= Telalak =

District of Afar Region, Ethiopia

Telalak is one of the Districts of Ethiopia, or woredas, in the Afar Region of Ethiopia. Part of the Administrative Zone 5, Telalak is located near the base of the eastern escarpment of the Ethiopian Highlands, and bordered on the south by Dewe, on the west by the Amhara Region, on the north by the Administrative Zone 1, and on the east by the Administrative Zone 3. The largest settlement in this woreda is Namelafen.

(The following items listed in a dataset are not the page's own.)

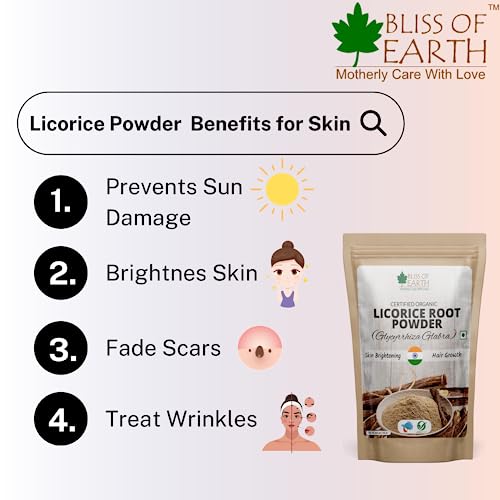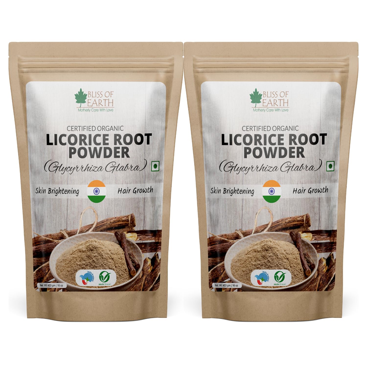 Bliss of Earth Organic Licorice Root Powder For Eating Mulethi Powder Organic For Skin Whitening Hair & face 453 GM Pack Of 2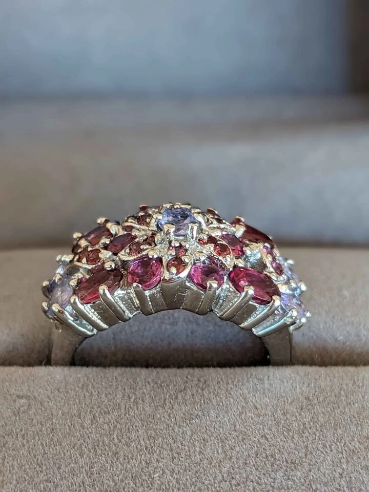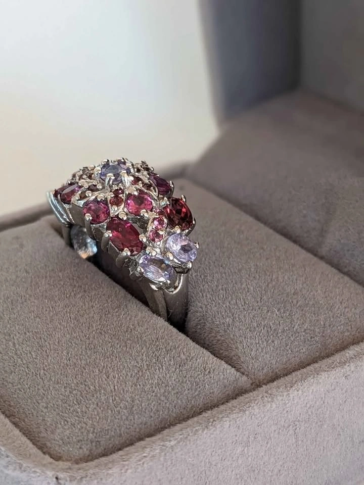 Make a statement with this beautifully crafted ring featuring natural rhodolite garnets and light purple tanzanite gemstones. Set in solid 925 sterling silver, the design evokes a floral burst of color, with deep raspberry-pink rhodolite stones encircling purple tanzanite accents. This piece blends bold elegance with timeless charm—perfect for collectors, gift-givers, or anyone who loves unique gemstone jewelry.
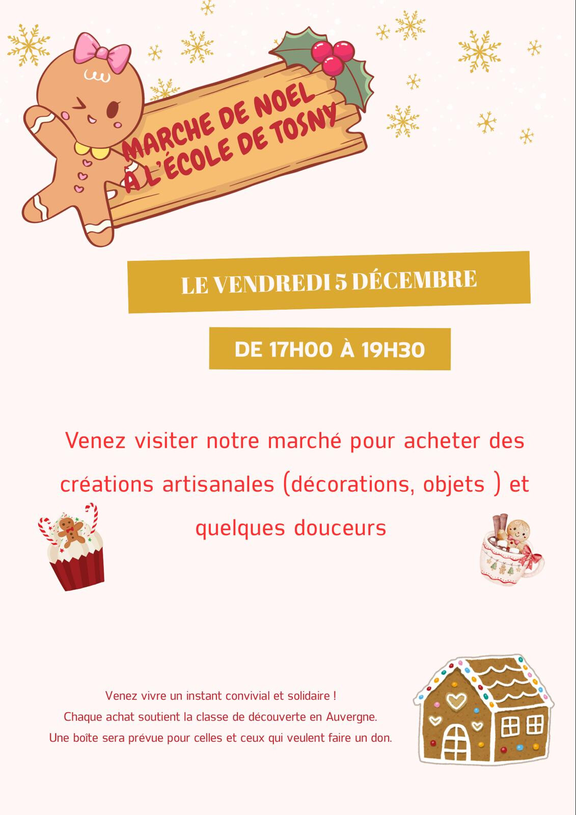 - vendredi 5 décembre à partir de 17h : marché de Noël de l'école de Tosny, à la salle Jean Erisay.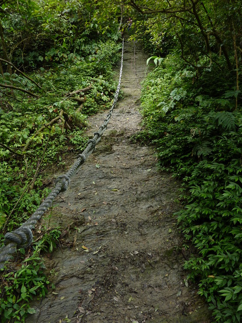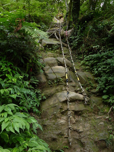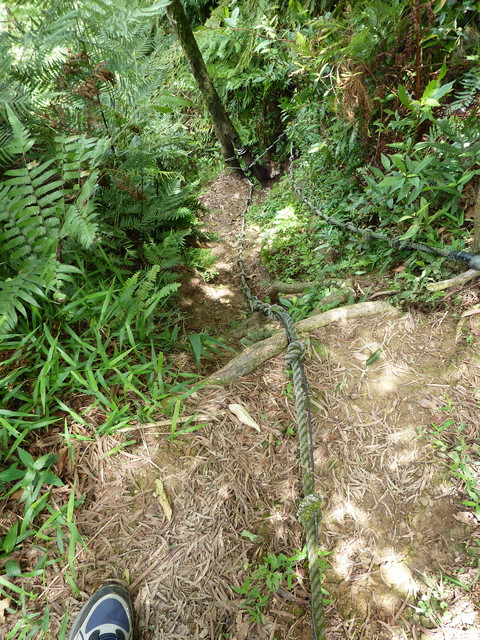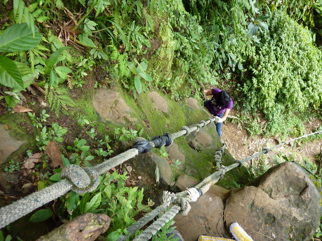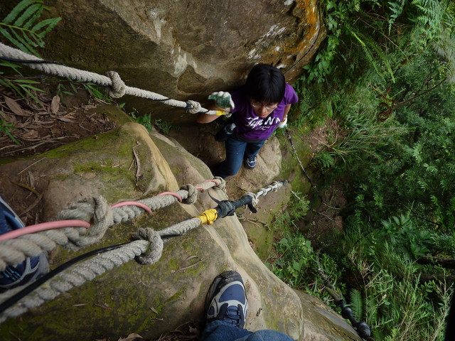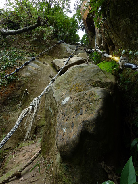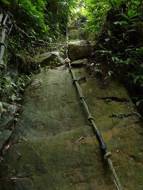 回程我們由1號崖壁下方經過,走南港山攀岩步道下山,又是一段不好走的攀繩道路,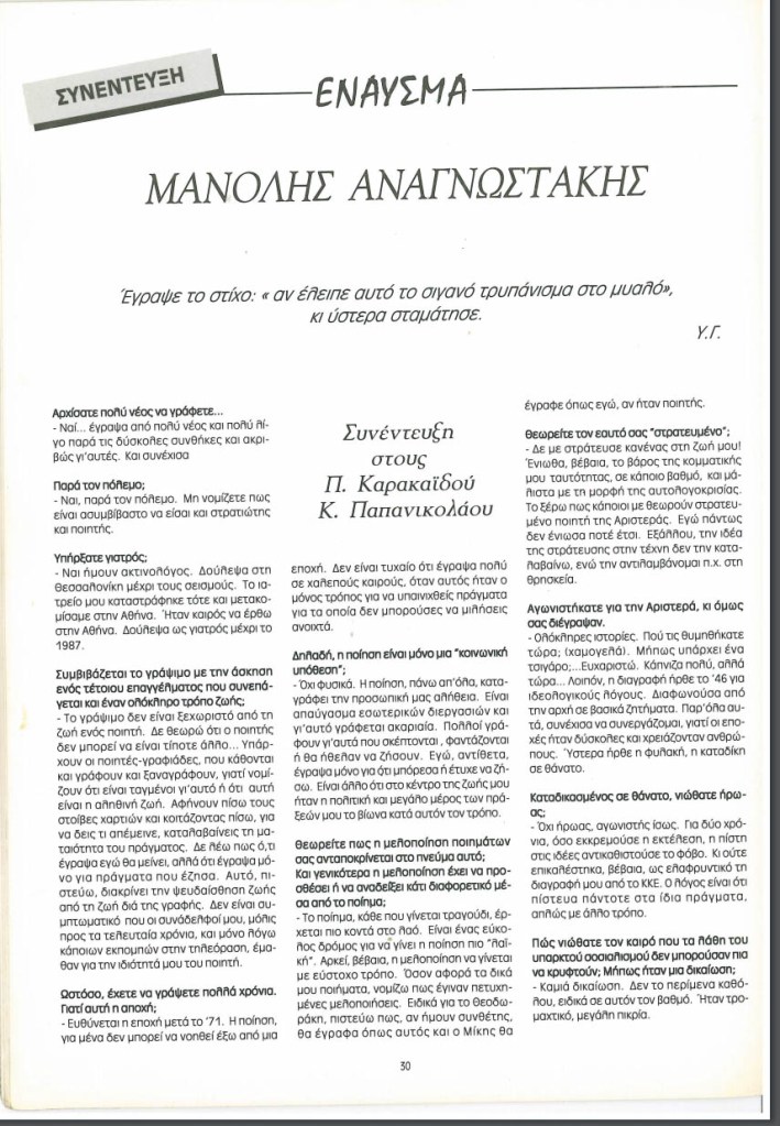 —Μια σπάνια συνέντευξη του Μανόλη Αναγνωστάκη—

The average elevation in this woreda is 720 meters (2362 feet) above sea level. As of 2008, Telalak has 47 kilometers (29 miles) of all-weather gravel road and 71 kilometers (44 miles) of community roads; about 29% of the total population has access to drinking water.

== Demographics ==
Based on the 2007 Census conducted by the Central Statistical Agency of Ethiopia (CSA), this woreda has a total population of 37,970, of whom 22,395 are men and 15,575 women; with an area of 1,261.84 square kilometers (487.2 square miles), Telalak has a population density of 30.09 people per square kilometer (77.94 people per square mile). While 1,950 or 5.14% are urban inhabitants, a further 18,796 or 49.50% are pastoralists. A total of 5,447 households were counted in this woreda, which results in an average of 7.0 persons to a household, and 5,732 housing units. 99.73% of the population said they were Muslim.